Improving population-specific allele frequency estimates by adapting supplemental data: an empirical Bayes approach

TL;DR

This paper introduces an empirical Bayes method for estimating allele frequencies that adaptively combines data from related samples, reducing estimation error while minimizing bias, especially useful in genome-wide association studies.

Contribution

The paper presents a novel empirical Bayes approach that adaptively pools data from related populations to improve allele frequency estimates with reduced bias and variance.

Findings

Estimator achieves lower mean squared error than pooling or no pooling.

Method reduces bias while maintaining low variance in estimates.
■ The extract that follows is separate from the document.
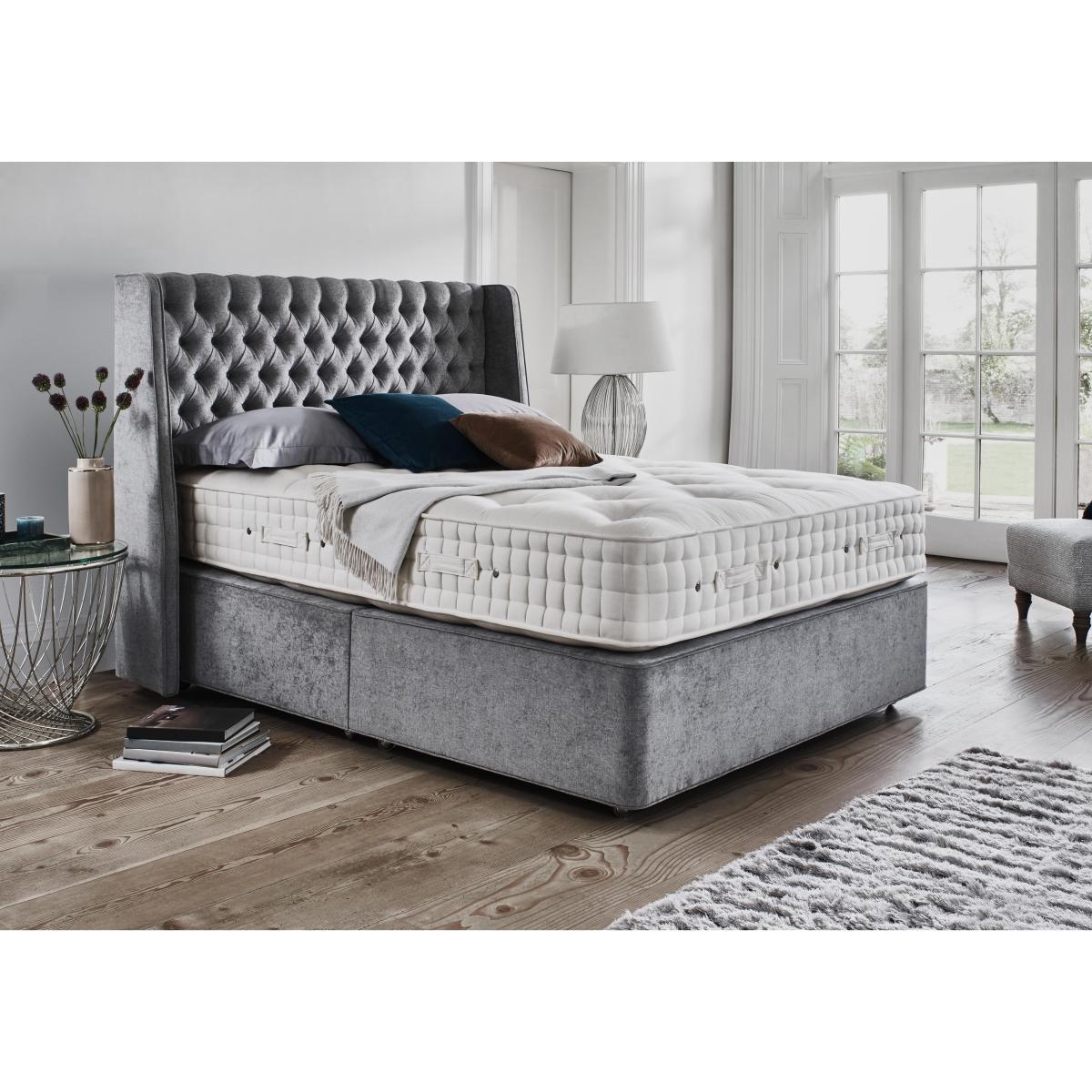 All embracing, head-to-toe luxury with 100% eco-friendly credentials – introducing the Hypnos Bespoke Grandeur range. Enjoy an all-natural, fresh and cooling night’s sleep with sumptuous layers of pure British wool and the responsive support of 1800 expertly engineered pocket springs. The turnable mattresses, in a choice of medium, firm or split comfort levels, are rich in 100% British wool responsibly sourced from Red Tractor assured farms with guaranteed traceability. Wool is temperature regulating and antibacterial creating the perfect environment for a refreshing and healthy night’s sleep, the natural way. A layer of all-natural latex adds to the all-embracing comfort of these top-of-the-range mattresses. The exquisitely upholstered divan bases have a choice of drawer storage. Expertly crafted Britain by the skilled artisans at Hypnos, the Hypnos Bespoke Grandeur range comes with a 20 year guarantee. Headboard is an optional extra. Rich in luxurious, temperature regulating, 100% British wool. Firm or medium feel mattress with 1800 ReActivePro™ 10-turn pocket springs. Turnable mattress, turn with the seasons for long-lasting comfort. Plush upholstered sprung base with a choice of drawer options. The Hypnos Bespoke Grandeur divan set offers the ultimate in luxury and comfort. Fillings include a layer of springy, all natural latex, sustainably sourced cotton and sumptuous layers of pure wool, sourced from Red Tractor assured farms with guaranteed traceability. Wool is a natural temperature regulator, transporting heat away from your body when you are too warm and insulating you when you are cold. Choose your comfort level – medium or firm, or medium on one side and firm on the other. A generous 30cm deep, the mattress has 1800 ReActivePro™ expertly engineered pocket springs, each with 10 active turns for incredibly responsive, pressure relieving support. And thanks to the Triple Edge Protection™ this all-embracing support extends to the very edge of the bed. The soft-touch mattress cover is unbleached cotton made to be naturally fire-resistant. The sprung divan base has a choice of drawer storage. Built from sturdy FSC-certified Scandinavian pine it’s upholstered in a choice of beautiful fabrics. Product images are representative. Find out more. The Hypnos Bespoke collection allows you to pair any mattress with any divan base and headboard. The Bespoke Grandeur divan set is beautifully handcrafted in Britain by the skilled artisans at Royal Warrant holders Hypnos. Product images are representative. Find out more. Did you know?. The Grandeur mattress is turnable, turn with the seasons for long-lasting comfort. Please air the mattress for four hours after delivery to freshen and remove any aroma from storage. It may take time for your mattress to attain its full size once the springs have settled to the correct position. This is due to the mattress being upright during transit. Settlement of fillings and indentations caused by body weight compressing the fillings are natural and not considered defects. This can be minimised by regular rotating.

Effective in small sample groups with many genetic markers.

Abstract

Estimation of the allele frequency at genetic markers is a key ingredient in biological and biomedical research, such as studies of human genetic variation or of the genetic etiology of heritable traits. As genetic data becomes increasingly available, investigators face a dilemma: when should data from other studies and population subgroups be pooled with the primary data? Pooling additional samples will generally reduce the variance of the frequency estimates; however, used inappropriately, pooled estimates can be severely biased due to population stratification. Because of this potential bias, most investigators avoid pooling, even for samples with the same ethnic background and residing on the same continent. Here, we propose an empirical Bayes approach for estimating allele frequencies of single nucleotide polymorphisms. This procedure adaptively incorporates genotypes from related samples, so that more similar samples have a greater influence on the estimates. In every example we have considered, our estimator achieves a mean squared error (MSE) that is smaller than either pooling or not, and sometimes substantially improves over both extremes. The bias introduced is small, as is shown by a simulation study that is carefully matched to a real data example. Our method is particularly useful when small groups of individuals are genotyped at a large number of markers, a situation we are likely to encounter in a genome-wide association study.